After last week, I guess I have to reclassify Kabul as "Indian Country." At least that's the opinion of the majority of the international media and the so-called "area experts." I'm not fully convinced that the security situation in Kabul has really shifted quite as much as they think it has, but nevertheless the attack on the UN does compel one to rexamine one's assumptions.
Kabul has always had an element of risk to it, but nothing approaching the threat level in the southern and eastern provinces. For Westerners specifically, the threat was two-dimensional. First is the possibility of criminal kidnap. This is actually a much greater problem for Afghans (a fact which goes unreported in the Western media), but it is still a concern. Fortunately, it's a threat that is fairly easy to counter. Kidnappers are (generally) in it for the money. They don't want a gunfight, because a dead target is worth nothing to them. So, taking certain basic precautions can reduce the level of risk to acceptably low levels. For instance, the presence of even one armed guard can deter all but the most determined kidnappers, and simply reinforcing the doors and access points to a residence will often cause them to look elsewhere for easier targets (hence the greater number of kidnappings of Afghan businessmen.)
The second threat in Kabul is the possibility of random violence, such as a car bomb or suicide attacker. If one is in the vicinity, there's little you can do, but the trick is to simply avoid those places and times when such attacks are likely. Never make appointments at any embassy or government building before mid-morning; stay well clear of ISAF/NATO convoys; keep away from public demonstrations and political rallies. Not that hard to do with a little advanced planning and keeps one out of the line of fire.
Then comes the attacks of
last Wednesday, which forces everybody to reassess their prior assumptions and begin questioning their security procedures.*
*To be honest, people questioning their security procedures is actually good for business, since they usually decide that they need increased protection. One would prefer of course that it didn't take an event like this latest attack to convince people that maybe they should take this stuff seriously.As the
BBC article rather uncharitably points out:
The fact remains that the Afghan interior ministry clearly failed to stop that attack. Afghan guards should have been outside the guesthouse, protecting the UN staff inside. Were they? Did they attempt to do their job? If not, why not? All pressing questions for the UN.
I can state as a fact that Afghan guards (ANP) were outside during the attack, guarding the gate as they are supposed to. I saw those guards everyday when I left my residence and they were as vigilant and as capable as anyone can expect.
I can also state that both of them are now dead, victims of a well-planned and effectively executed attack. The Taliban, if that's who the attackers were, wore ANP uniforms themselves, undoubtedly stolen or purchased from some corrupt district commander. Some of my guys, who witnessed the attack, tell me that the Taliban conducted a thorough recon of the area first, disguised as police, and then simply walked up and shot those two guards at point blank range.
They then blew the door down and were inside the compound in a matter of seconds. Very intelligently, they left one of their number on the street, behind the recently-vacated sandbag barrier at the entrance. So, when the real ANP rolled up,* they had to contend with a lone Taliban, fortified and well-stocked with ammunition.
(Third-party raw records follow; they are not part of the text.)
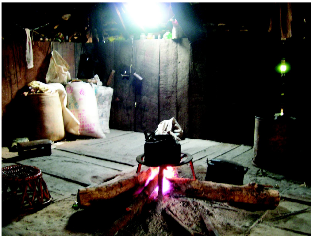
烧柴煮水 少数民族的木楼 角落存放一袋袋的晒青毛茶

普洱茶以发酵制作工序来区分,基本上有生茶与熟茶之别。制作过程中,没有经过长时间增湿渥堆发酵工序,所产生的称为青毛茶。反之,利用增湿渥堆或菌类人工发酵的称“熟毛茶”,也就是中国大陆茶学界所谓现代普洱茶。简单叙述传统与现代
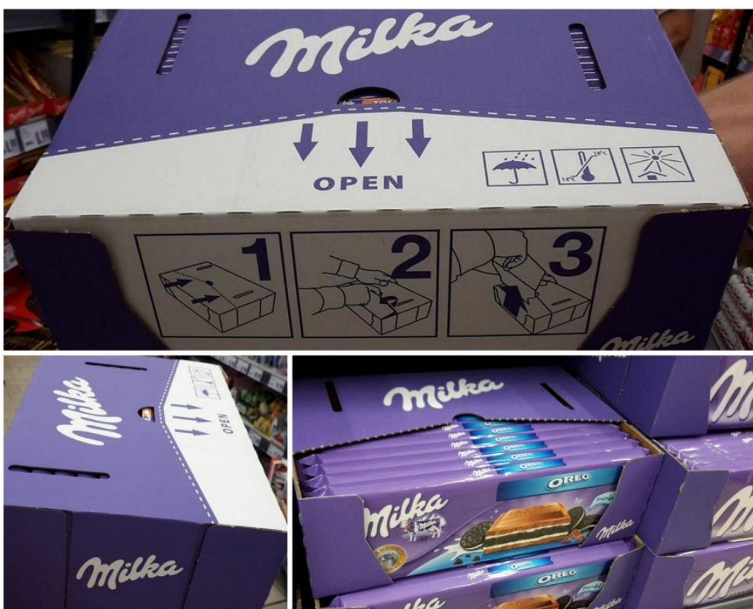
Slika 3. Sekundarno pakiranje
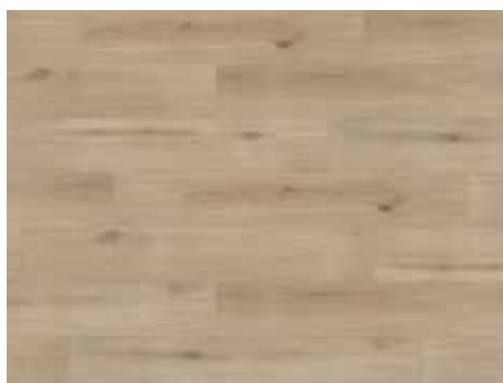
Island Oak Sand Varenr. 10200215
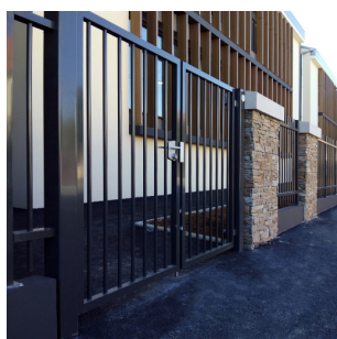
PORTAIL DOUBLE VANTAUX

He was eventually taken down, but that bought enough time for the two inside to do a considerable amount of damage. It's actually surprising that there weren't more fatalities.
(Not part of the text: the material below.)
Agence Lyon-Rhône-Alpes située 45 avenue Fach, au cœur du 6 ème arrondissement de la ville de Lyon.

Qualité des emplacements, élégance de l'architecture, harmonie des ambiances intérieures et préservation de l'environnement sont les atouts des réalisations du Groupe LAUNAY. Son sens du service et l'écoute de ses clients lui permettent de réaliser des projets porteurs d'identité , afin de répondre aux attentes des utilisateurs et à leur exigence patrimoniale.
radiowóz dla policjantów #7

*Reaction time is something that always impresses me about the ANP in Kabul. As soon as anything happens, there's ten cops there in five minutes or less, and another fifty ten minutes after that. Within half an hour of the first shots being fired, there were at least a hundred ANP on the streets below me, suplemented by a platoon of Afghan Army Special Forces. Afghans, contrary to what you might hear, will come running to the sound of gunfire.I have never been inside the Bakhtar Guesthouse, but if it's like most of the others here in Kabul the problem was not with the Afghan guards at the gate. More likely, it was the lack of a simple counter-measure on the ECP* that cost those UN workers their lives.
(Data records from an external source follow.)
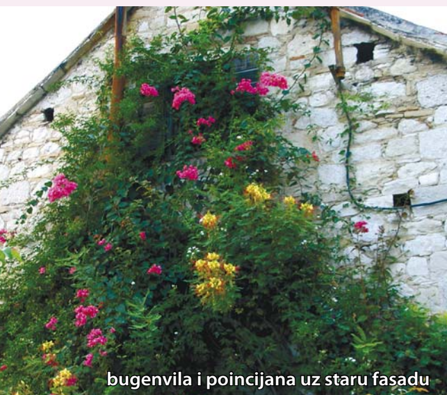
bugenvila i poincijana uz staru fasadu
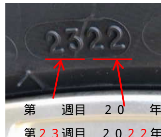
第 週目 20 年 第23週目 2022年 タイヤの製造年の見方

（プラットホーム）国内メーカー等の冬用タイヤでは、使用限度の目安として、溝の深さが新品時の50%まですり減った際にプラットホームが溝部分の表面に現れます。
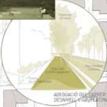
ABORDACIÓ DEL CARRETER: DESNIVELL I GRUPLATONS
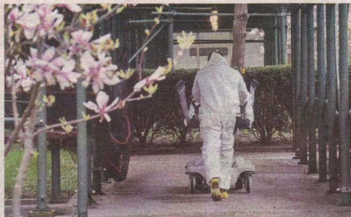
Интернет хабарлари асосида тайёрланди

Жаҳон соғлиқни сақлаш ташкилотининг қайд этишича, айрим тадқиқотлар D витаминини қабул қилиш одамнинг нафас йўлларида кузатиладиган инфекцияларни даволашда самара беради. ЖССТнинг кўшимча қилишича, ушбу витамин етишмовчилиги бутун дунёда мавжуд. D витамини иммуномодулятор ҳисобланади ва тузма иммунитетни кучайтириб, сулак безларидаги химоя қатламларини мустаҳкамлайди. Шу сабабли моддалар етишмовчилиги иммун тизимига таъсир қилиши мумкин.

*ECP=Entry Control Point, i.e. a gate for people in the normal part of the world.A single door may slow down the attackers, especially if it's reinforced steel. Explosives, of which there are plenty floating around, will knock down just about any door one can put up. However, the presence of a
second door, also reinforced, inside the first and with a small, walled dead space in between, can make all the difference in the world. The concept of a simple, robust double-gate has been around since at least the time of the Roman republic. Force the attackers to breach not one but two doors at the ECP, and you at least double the reaction time for those inside. Not to mention that while the attackers are dealing with the second door, they are highly vulnerable to one well-placed defender overlooking that dead space. They didn't use to call them "murder-holes" for nothing.
Ironically, although the BBC asks whether the guards
outside were doing their jobs, it was the lack of a guard
inside that made the difference. External guards serve little purpose other than to deter petty crime and draw attention to the importance of the building. It's the internal guards, and the structures in place to support them, that will prove decisive in an attack like this one. A lesson the UN would do well to incorporate into the security assessments they will conducting over and over again in the coming months.